4枚の訃報記事のミステリを祖父に問うと、はっきりと目を開け「今、"絵"が見えたよ」と語り出して…/名探偵のままでいて⑦
公開日:2023/2/5
第21回『このミステリーがすごい!』の大賞に輝き、早くもベストセラーに! 2023年話題のミステリ小説『名探偵のままでいて』をご紹介します。著者は人気ラジオ番組の構成作家としても活躍中の小西マサテル氏。かつて小学校の校長だった祖父は、レビー小体型認知症を患い、他人には見えないものが見える「幻視」の症状に悩まされていた。孫娘の楓(かえで)はそんな祖父の家を訪れ、ミステリをこよなく愛する祖父に、身の周りで起きた不可解な出来事を話して聞かせるように。忽然と消えた教師、幽霊騒動、密室殺人…謎を前にした祖父は、生き生きと知性を取り戻し、その物語を解き明かしていく――。古典ミステリ作品へのオマージュに満ちた、穏やかで優しいミステリ小説『名探偵のままでいて』より、第1章を全7回でお届けします。今回は第7回です。古本に挟まれていた4枚の訃報記事。楓の考えた“物語”を聞いた祖父は「大きな矛盾がある」という。では祖父の考える“物語”とは…?
「じゃあ」
かすれた声で楓は尋ねた。
「おじいちゃんは、その物語Xを紡ぐことができるっていうの?」
祖父はなにも答えず、短くなったゴロワーズを惜しむかのように親指と人差し指でなんとかつまみながら、最後の煙をふかした。
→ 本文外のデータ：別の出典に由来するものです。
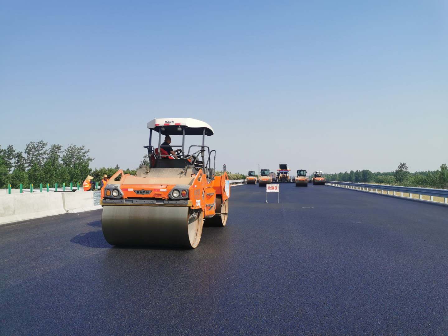 G2項目自進入路面施工以來,面對著施工緊、任務重、交叉施工的嚴峻形勢,項目部在保證安全、質(zhì)量的前提下,合理安排,倒排工期,以加速工程進展為主線,優(yōu)化施工工序和工作方法,增加機械設備和人員,延長作業(yè)時間,項目部部室負責人跟班督導,做好現(xiàn)場的組織指揮、協(xié)調(diào)、指導、控制、保障、服務工作,及時解決施工中存在的困難和問題,保證了瀝青上面層路面施工有序快速順利推進?!?br /> 在路面施工過程中,油層分部瀝青面層施工作業(yè)人員,晝夜奮戰(zhàn)加班加點,一日三餐吃在工地現(xiàn)場,每天早出晚歸,踩在滾燙的瀝青上,不畏瀝青煙氣味熏和瀝青混合料高溫,身體勞累依然連續(xù)作戰(zhàn),為的就是將這份第一的榮耀永遠緊攥在魯中公路的手中,最終在全體職工的共同努力下,保質(zhì)保量的率先完成了左幅瀝青上面層攤鋪工作任務。

その目は、ゆっくりと――しかし、確実に細くなっていく。
楓は、寝てしまうのではないか、と心配になる。
だが、それは杞憂だった。
祖父ははっきりと目を開け、「今、〝絵〟が見えたよ」――といった。
「残念ながら、本の元所有者である男性は、すでに亡くなっているね」
「えっ」
「だってほら、見てみなさい。すぐそこに安らかな顔つきの男性がいるじゃないか」
幻視だ。
だがこの幻視は、明確な論理性に基づいている――
直感的にそんな気がした。
「物語Xのストーリーはこうだ。彼は生前、大好きな瀬戸川猛資氏の訃報記事を、哀惜の念を込め、大切にしている本の中に挟み込んでいたのだ。ところが――彼の死後、彼の奥さんが、それほどの宝物だとはつゆ知らず、遺品整理の一環として、さまざまな本と一緒にまとめて中古本の書店に売ったのだよ」
(真相だわ――)
そう思わざるを得ない。
これぞ破綻がまるでなく、すっと腑に落ちる、完璧な「物語」ではないか。
でも、と楓は食い下がった。
「どうして元所有者が男性だって分かるの? 女性ってケースだってあり得るじゃない」
ないね、と祖父はあっさりといってのけた。
「配偶者が亡くなったとき、哀しみを抑えつつも冷静な行動がとれるのは女性のほうだ。男なんてまるでだめだよ。実際、ぼくなんかも」
祖父は目線を落とした。
「妻に先立たれたとき、なにもすることができなかったからね」
楓の脳裏に一瞬、亡き祖母のふんわりとした顔立ちの面影がよぎる。
しばらくの間、沈黙が続いた。
するととつぜん祖父は、紫煙の中をじっと凝視しながら、はしゃいだように話し始めた。